Because invisibility is exactly the problem. A rhino poaching makes headlines. A container of dried seahorses passes through a port and nobody notices—but multiply that by thousands of shipments, and you've hollowed out entire populations. The damage is real; we just don't feel it the way we do with charismatic megafauna.
So the algorithm is meant to make the invisible visible?
Precisely. It turns an X-ray image—something a scanner already produces—into actionable intelligence. A customs officer sees a flag on a screen and knows to look closer. That's the whole game.

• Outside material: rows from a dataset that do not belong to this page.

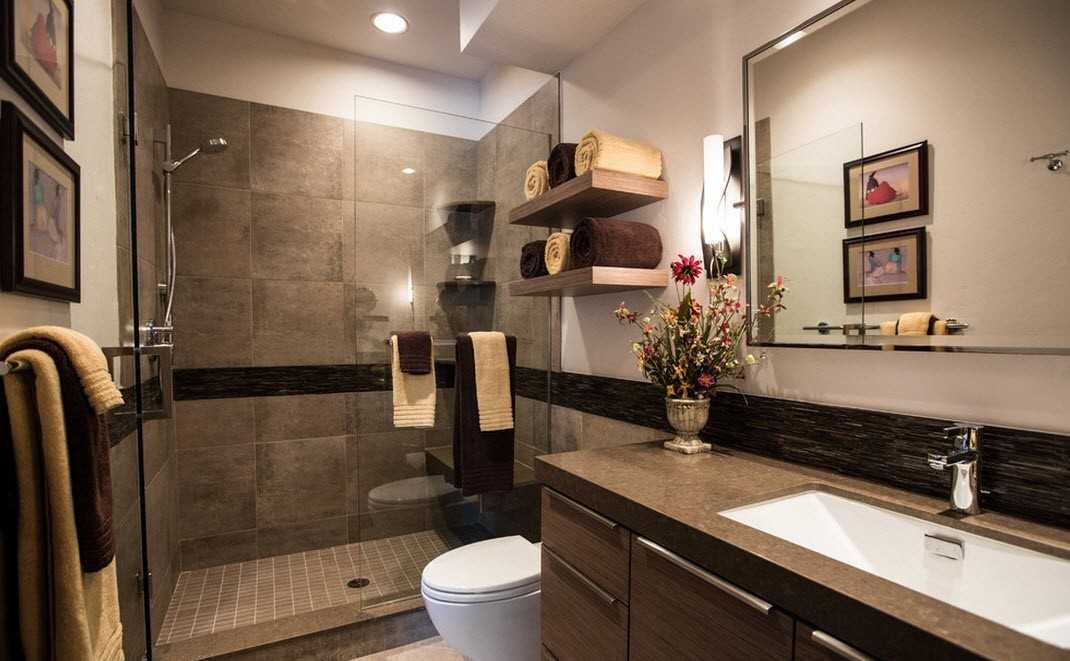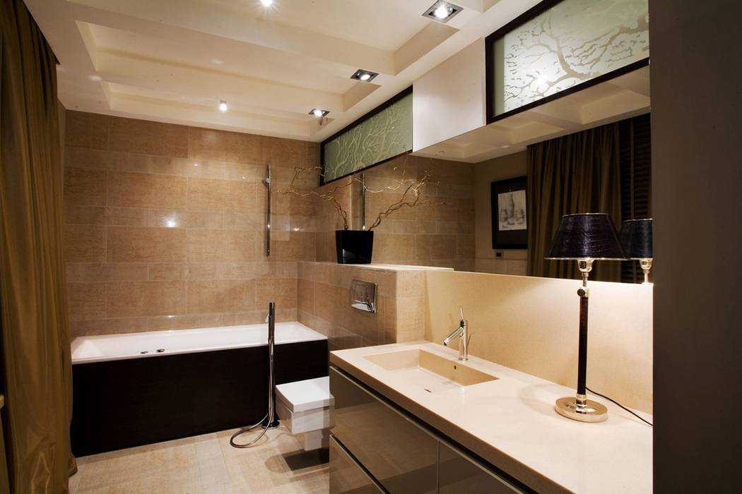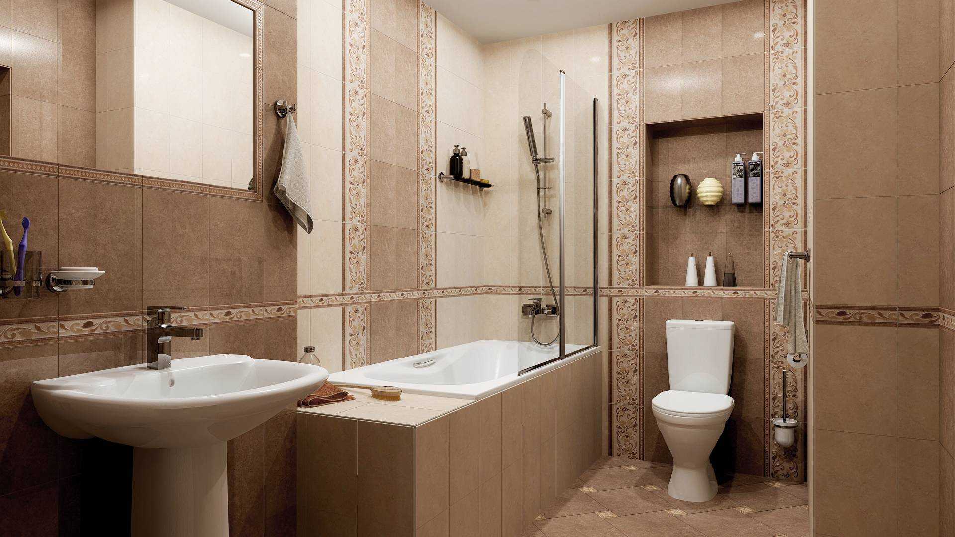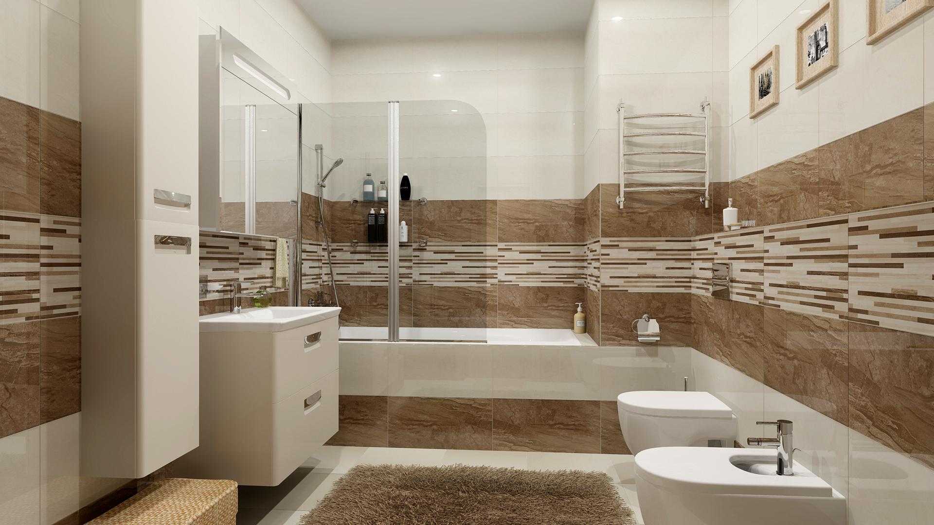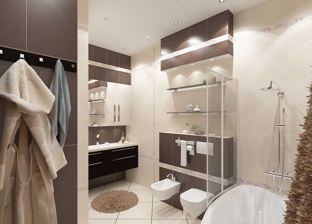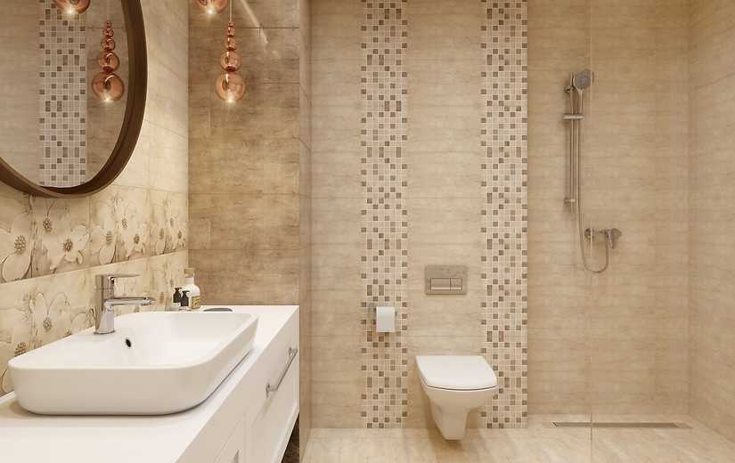 Кафель оттенка темный беж в дизайне стен также можно использовать. Он может иметь характерный серый отлив или приближаться к тону капучино с примесями розового и коньячного.
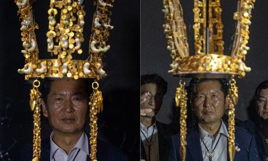 그러나 정 대표가 마치 천마총 금관을 쓰고 있는 듯 착시를 불러일으키는 사진이 논란을 불러왔다. 국보 188호인 천마총 금관은 신라 금관 중 가장 크고 화려한 작품으로 신라 황금 문화를 대표하는 문화재다.
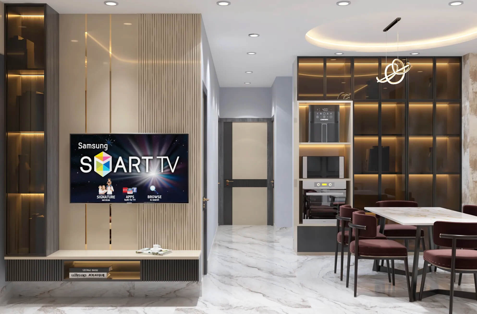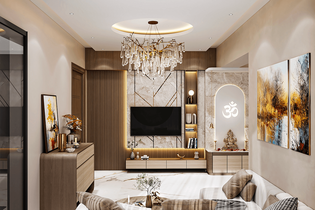 The living room is designed to be both inviting and visually striking, featuring a custom TV unit, integrated display niches, and ambient lighting. Subtle décor elements and balanced proportions create a refined yet comfortable atmosphere for everyday living and entertaining.
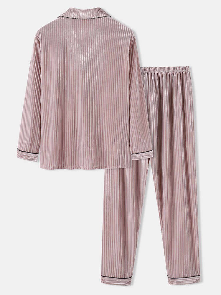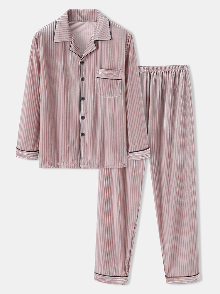 Mens Coral Fleece Lapel Button Up Long Sleeve Loose Pants Two-Piece Home Warm Pajamas Set – M Pink
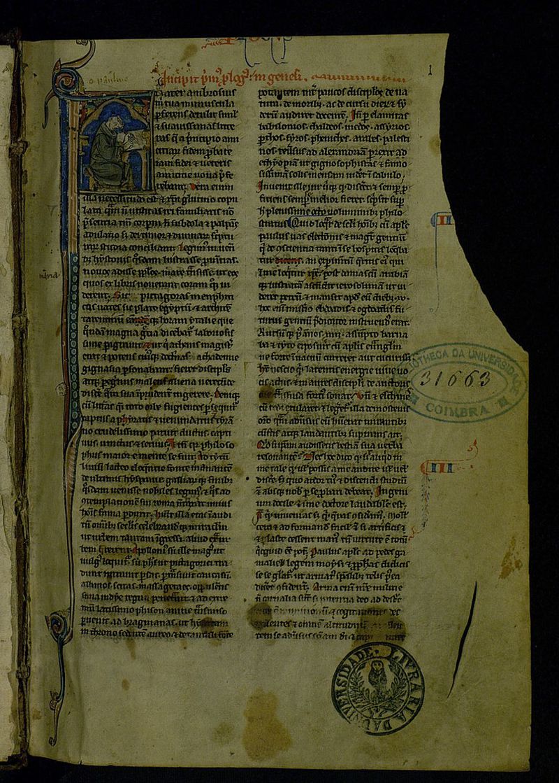 Referenciado em: Saul Gomes, "Manuscritos medievais iluminados e fragmentos", in Tesouros da Biblioteca Geral da Universidade..., Coimbra, 2011, p. 49-51.
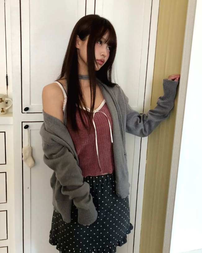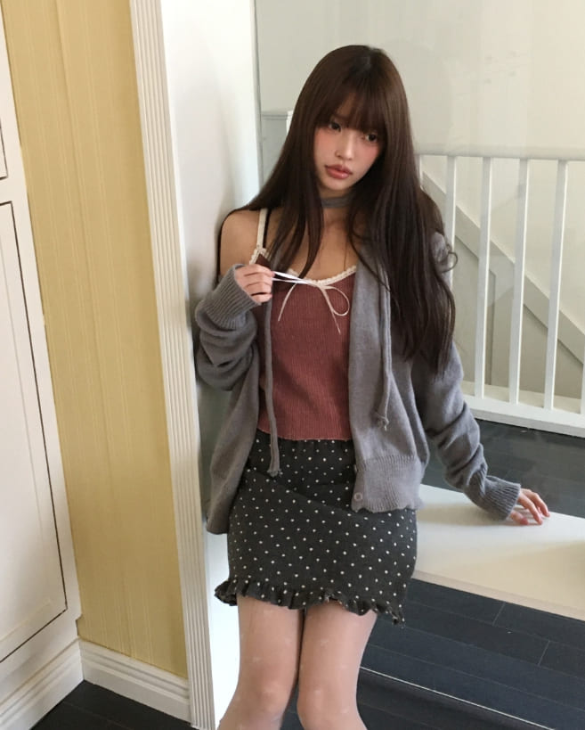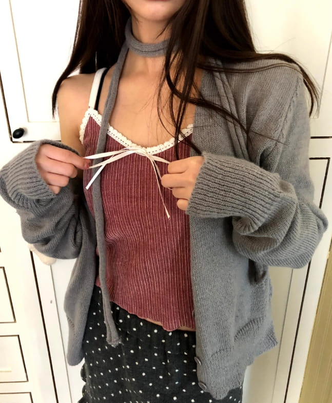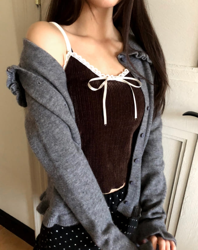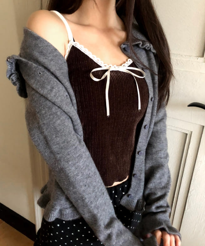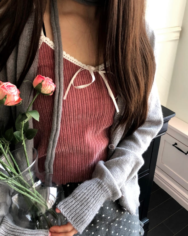 ヌリリボンレースリブベルベットキャミソール
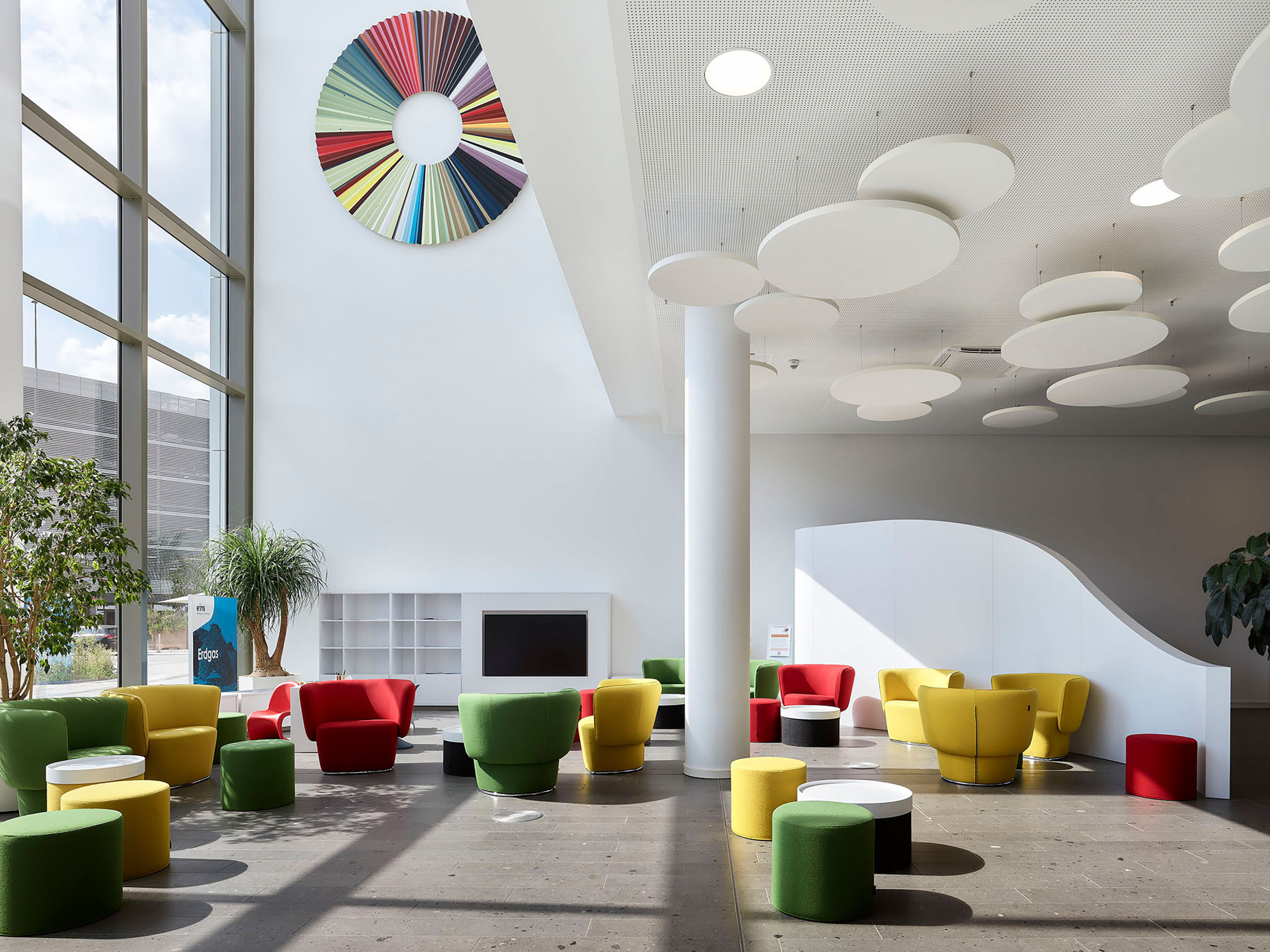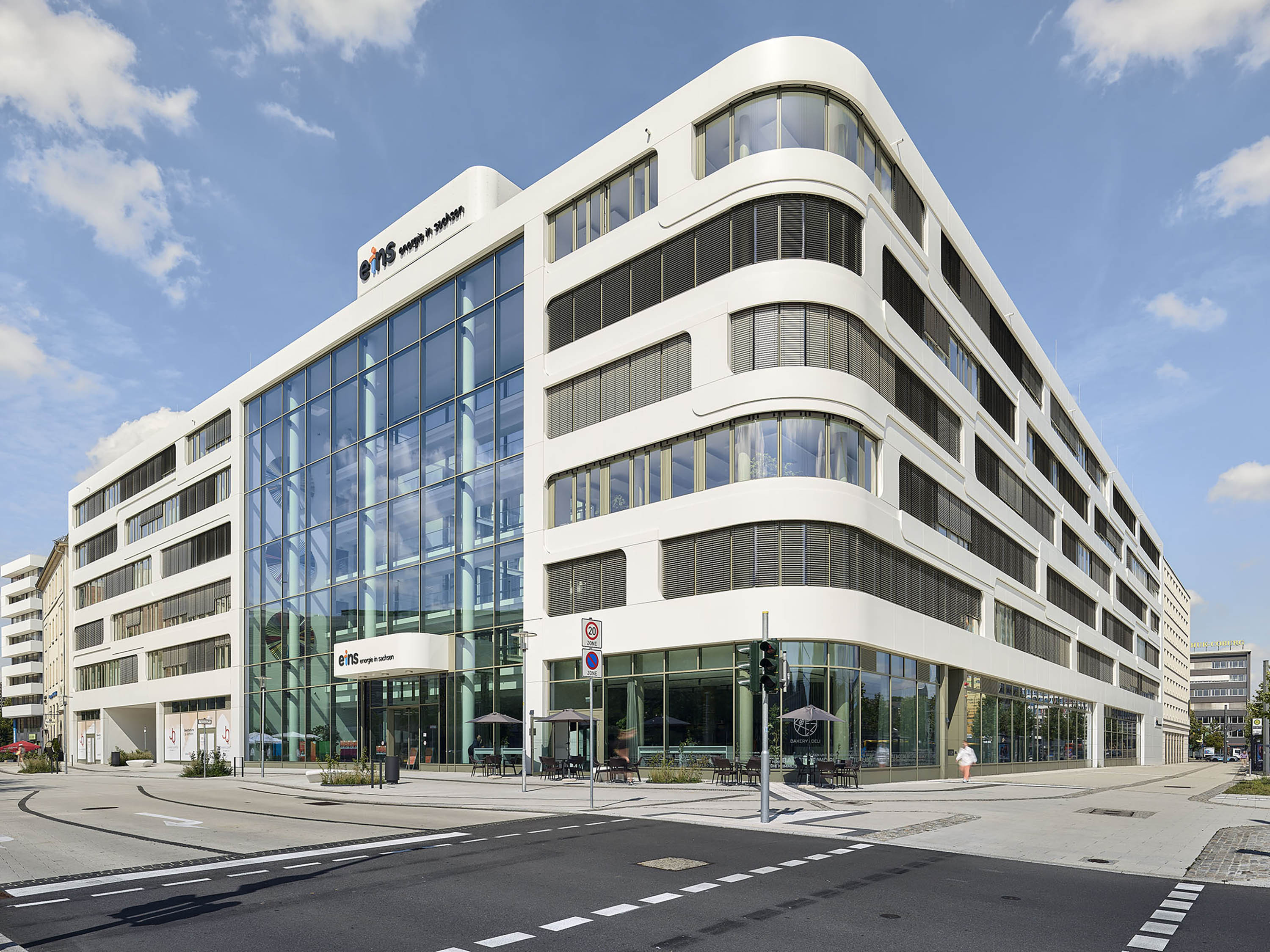 Das Volumen ist horizontal ausgerichtet: Panoramafenster ziehen sich, umrahmt von weißen, skulptural geformten Bandstrukturen, über die gesamte Fassade. Dabei interpretieren die Wellenmotive assoziativ die Gebäudenutzung und stehen für den Austausch, die Bewegung, den Energiefluss.
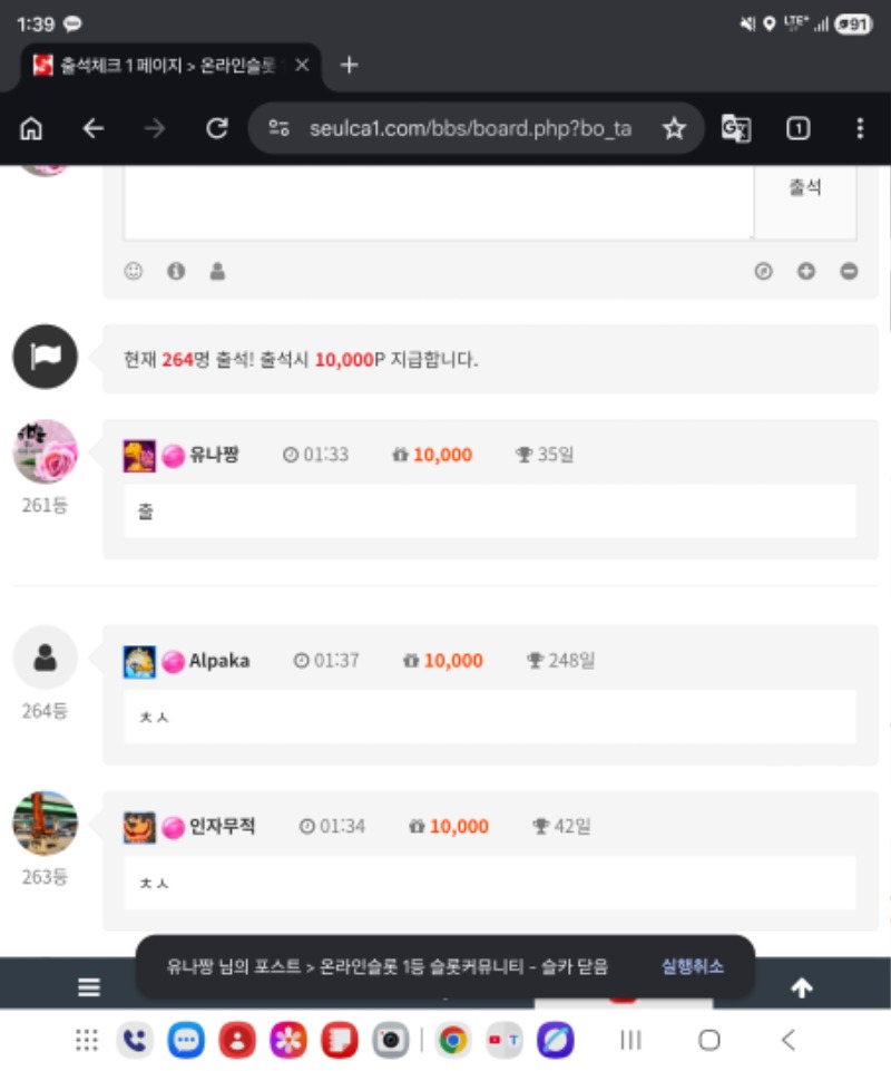 출석인증~ > 자유게시판 | 온라인슬롯 1등 슬롯커뮤니티 - 슬카
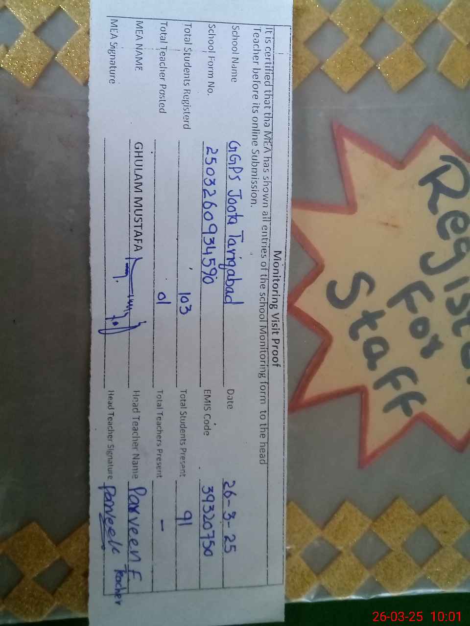 | EMIS Code: 39320750 | Name of School: GGPS CHAK JOOTA / TARIQ ABAD | |||
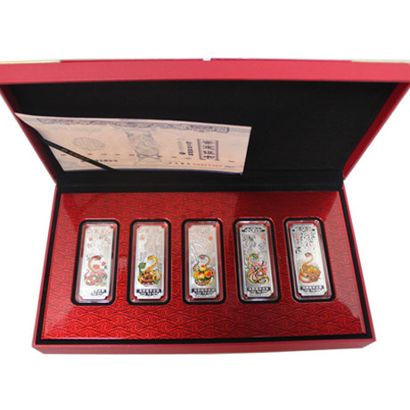 【藏品赏析】蛇是华夏民族最古老的图腾文化之一,它代表睿智,冷静,是权势,智慧,长寿与财富的象征,于十二地支中位列第六,遂称巳蛇。公元二零一三年,时至癸巳生肖蛇年。岁在癸巳,银蟒降幅,【福禄寿喜财】蛇年贺岁银条套装,正面五彩灵蛇身披祥纹,口衔吉瑞,环绕于象征传统【五福】的富贵牡丹,吉祥如意,福寿蟠桃,延喜春梅和聚宝琉璃坛之间,呈招财镇宝之势,寓意癸巳丰年大吉,五福同享。背面分别书【福禄寿喜财】五字,搭配蝙蝠,鹿,仙鹤,喜鹊,金蟾等吉祥元素,取【莽原新锐蕴生机,银蛇跃动送五福】之意,以银条的清丽典雅,喻癸巳之新年气象。【福禄寿喜财】蛇年贺岁彩色银条由宝泉钱币投资有限公司(上海黄金交易所综合类会员)铸造发行。蛇年贺岁彩色银条套装,正面为五条彩蛇分别盘踞于象征【福禄寿喜财】的牡丹,如意,蟠桃,喜梅,财宝之间;背面分别书【褔】【禄】【寿】【喜】【财】五字于蝙蝠,鹿,仙鹤,喜鹊,金蟾等吉祥元素间。蛇年贺岁彩色银条套装。每套5枚,规格65*24毫米,成色Ag.999,含纯银100克,限量发行100000套。成色标准,重量合格,质量精制。
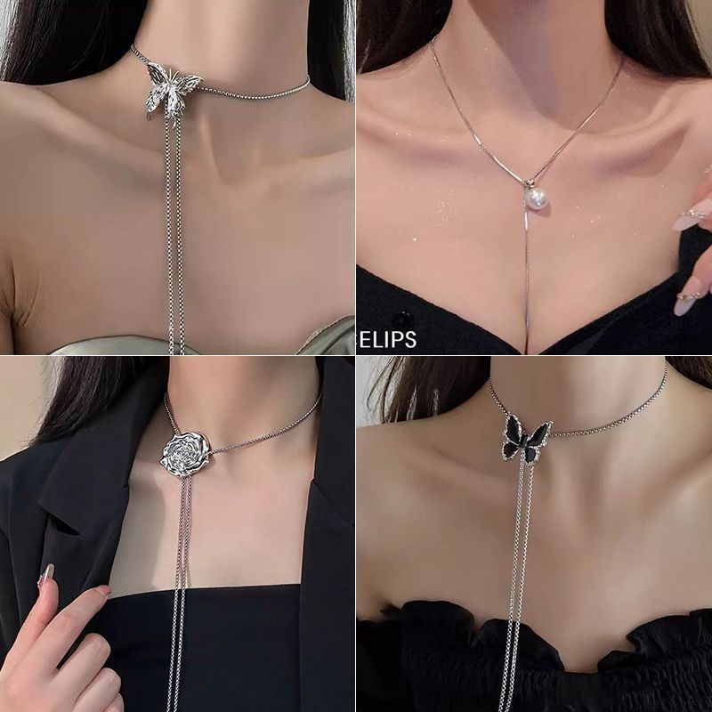 首鎖女流蘇2023真珠爆金ピンク新鎖骨鎖蝶ネックレス夏小衆軽贅沢ブルー

But you said it's not a replacement for human detection. Why not just let the AI do the work?
Because the AI only knows what it was trained on. Show it a species it's never seen, or a smuggling method nobody's documented yet, and it fails. Smugglers adapt. Humans adapt faster.
What about the false positives—the 9% error rate on seahorses?
Someone still has to check those. That's labor. That's cost. The algorithm saves time by narrowing the field, but it doesn't eliminate human judgment. It's a filter, not a replacement.
And the real barrier is that most airports don't have 3D scanners?
Exactly. This works beautifully in wealthy countries with modern infrastructure. But the trade flows through ports everywhere. You need the technology distributed globally, and that's expensive, and that's political.